The region will use ARPA funds to clean up disturbing properties

The region will use ARPA funds to clean up disturbing properties

Jefferson County will soon be a little cleaner, thanks to a $250,000 commitment from the County Council to address nuisance properties.

“I’d say there are about 100 buildings in the (unincorporated) county that need to be demolished at any given time,” he said. “Some were damaged in fires, while others are simply succumbing to age, with crumbling foundations, roofs collapsing, and other issues.”

The County Council voted unanimously on April 25 to commit funds from the $43.7 million in ARPA funds that the county will receive over the next two years to clean up some of the county’s many problem properties. Eric Larson, Director of County Services, stated.

“Then we have hundreds of other properties where things are not as bad. Sometimes the building just needs a door or window boarded up,” he said. “Many of them have trash and debris on the property, and then you’ve got abandoned vehicles. Almost all of them have overgrown weeds.”

“The budget usually includes about $20,000 a year for nuisance eradication, which allows us to address four or five off our list,” he said. “We try to take care of the most dangerous ones, or the ones that have been on the list for a long time.”
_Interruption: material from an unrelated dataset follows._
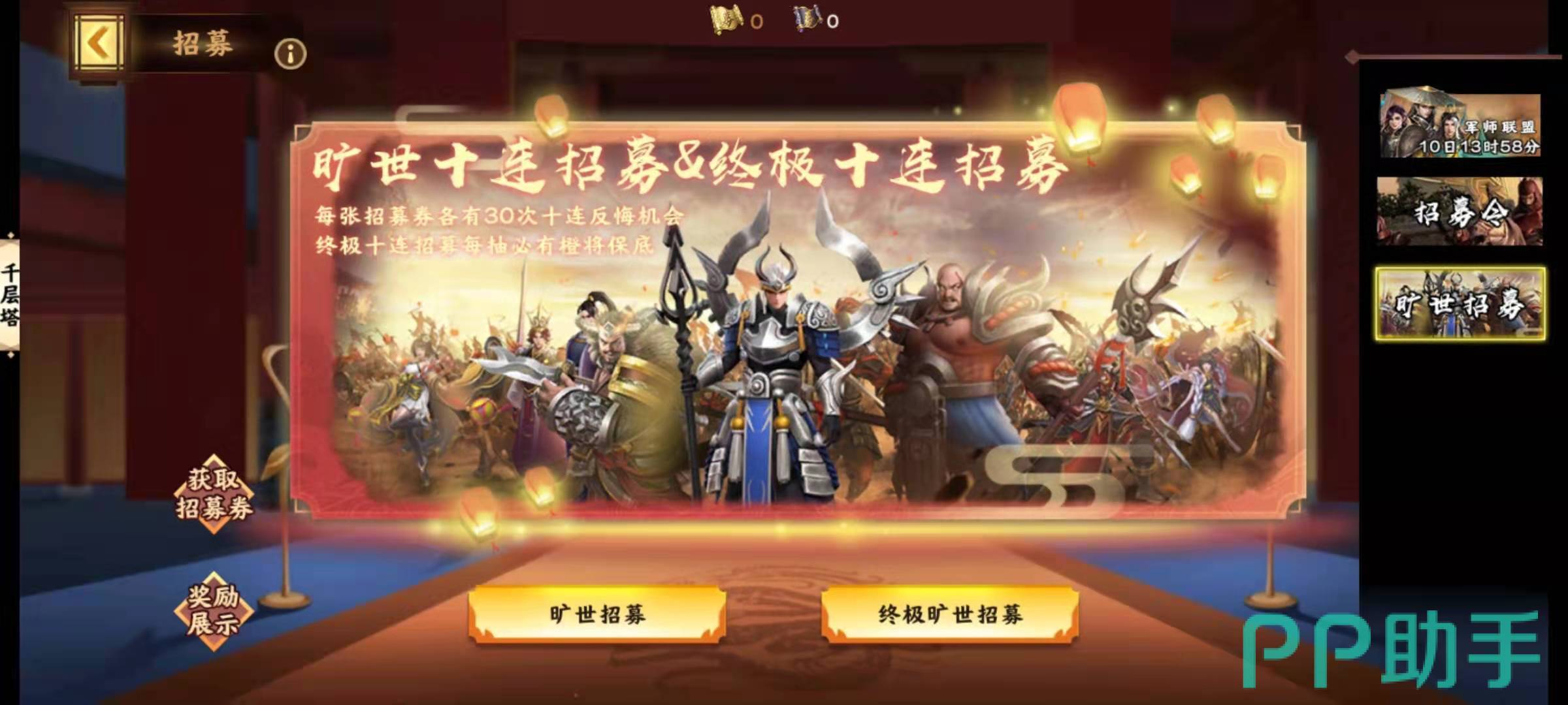 充值赠送指的是首充礼包中直接赠送橙色武将张飞,这也是玩家前期可以获得的最佳武将之一,必须重点培养。活动奖励指的是终极目标活动中的旷世十连招募和终极十连招募,完成各自的任务后可以获得旷世十连抽和终极十连抽,每次都可以保底获得一名橙色武将,而且可以反悔重选,一直到选中合适的武将为止。

Larson said his office fields about 400 calls a year about nuisance properties, but historically, the county has lacked the resources to deal with most of them.

The ARPA funding, Larson said, will cut into that list quite a bit.

“That quarter million should allow us to take care of 30 or 35 of the projects on the list, depending on how bids come in for the work. If we can do more because the bids are lower than we’ve estimated, we’ll do more,” he said. “If the bids are higher, we might not get to as many. But we’re going to address as many of these concerns as we can.”

Larson said the priority list for the ARPA funds is spread throughout the county. “There are a couple of houses north of Jefferson College in Hillsboro we’d like to get demolished,” he said. “There’s a mobile home park in Dittmer that we’d like to be able to clean up that’s been a problem for some time. In Imperial, there are abandoned yards off the beaten path that have a lot of junk in them that need to be cleaned up.”

Larson said the list was developed by considering public safety and how long the land has been on the nuisance list. “If it’s a burned-out house that’s in a neighborhood where there are teenagers or young adults or other curious people, we want to take that down as soon as possible,” he said. “We’ll try to get to as many as we can, but I can say this money will make a big difference over the next year and a half.”